Мы вошли в дом. В комнату. Я усадил ее на старенький диван. За стеной кашлянул Меладзе. Я усадил ее и заглянул ей в глаза. Эти большие, карие, миндалевидные глаза были теперь совсем рядом. Я заглянул в них... Готовясь к встрече, я думал, что будет много слез и горьких причитаний, и я приготовил такую фразу, чтобы утешить ее: «Мамочка, ты же видишь — я здоров, все хорошо у меня, и ты здоровая и такая же красивая, и все теперь будет хорошо, ты вернулась, и мы снова вместе...» Я повторял про себя эти слова многократно, готовясь к первым объятиям, к первым слезам, к тому, что бывает после десятилетней разлуки... И вот я заглянул в ее глаза. Они были сухими и отрешенными, она смотрела на меня, но меня не видела, лицо застыло, окаменело, губы слегка приоткрылись, сильные загорелые руки безвольно лежали на коленях. Она ничего не говорила, лишь изредка поддакивала моей утешительной болтовне, пустым разглагольствованиям о чем угодно, лишь бы не о том, что было написано на ее лице... «Уж лучше бы она рыдала», — подумал я. Она закурила дешевую папиросу. Провела ладонью по моей голове...

— Сейчас мы поедим,— сказал я бодро.— Ты хочешь есть?

— Что? — спросила она.

— Хочешь есть? Ты ведь с дороги.

— Я? — не поняла она.

— Ты, — засмеялся я, — конечно, ты...

— Да, — сказала она покорно, — а ты? — И, кажется, даже улыбнулась, но продолжала сидеть все так же — руки на коленях...

Я выскочил на кухню, зажег керосинку, замесил остатки кукурузной муки. Нарезал небольшой кусочек имеретинского сыра, чудом сохранившийся среди моих ничтожных запасов.
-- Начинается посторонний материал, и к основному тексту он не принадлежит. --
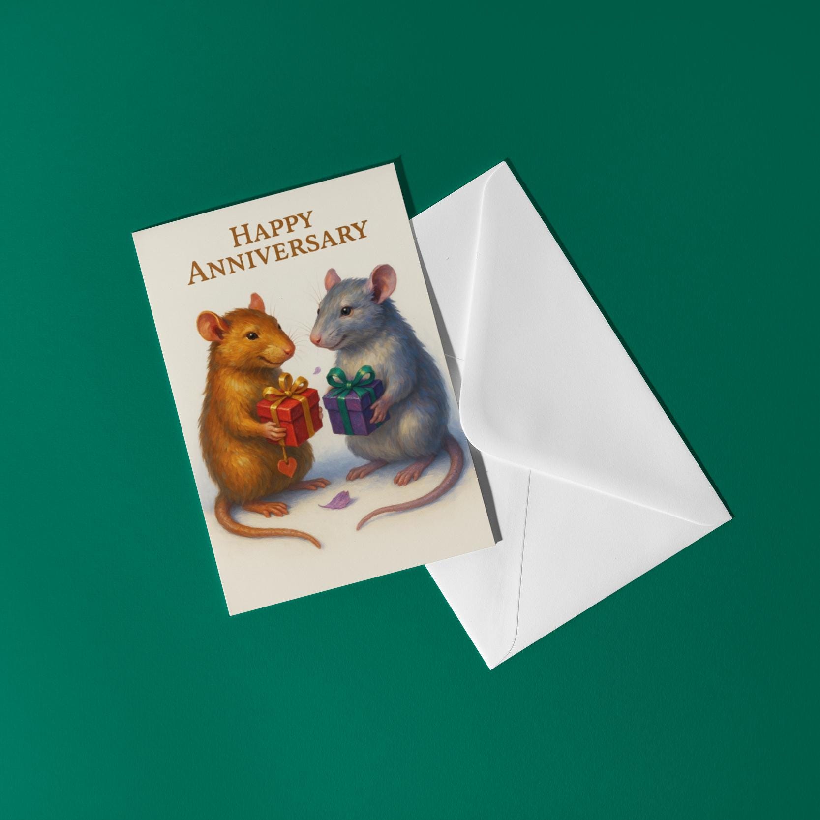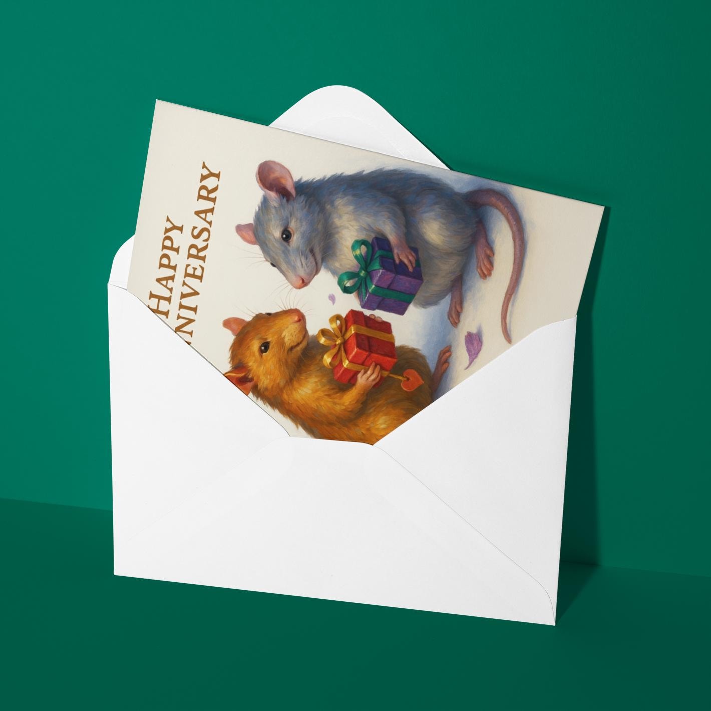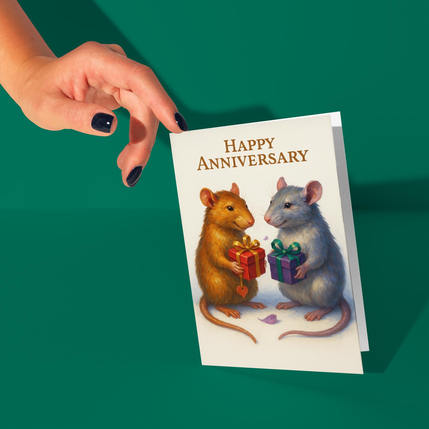 BLANK INTERIOR FOR A PERSONAL TOUCH: Our Rats collection - Two happy rats - You Give, I Give, We Love - Happy Anniversary Card and other whimsical designs feature a blank interior, giving you ample space to write a personal message from the heart. Perfect for any occasion, each card comes with a matching white envelope, making it easy to send your unique sentiments to loved ones

Я разложил все на столе перед мамой, чтобы она порадовалась, встрепенулась: вот какой у нее сын, и какой у него дом, и как у него все получается, и что мы сильнее обстоятельств, мы их вот так пересиливаем мужеством и любовью. Я метался перед ней, но она оставалась безучастна и только курила одну папиросу за другой... Затем закипел чайник, и я пристроил его на столе. Я впервые управлялся так ловко, так быстро, так аккуратно с посудой, с керосинкой, с нехитрой снедью: пусть она видит, что со мной не пропадешь. Жизнь продолжается, продолжается...

Конечно, после всего, что она перенесла, вдали от дома, от меня... сразу ведь ничего не восстановить, но постепенно, терпеливо...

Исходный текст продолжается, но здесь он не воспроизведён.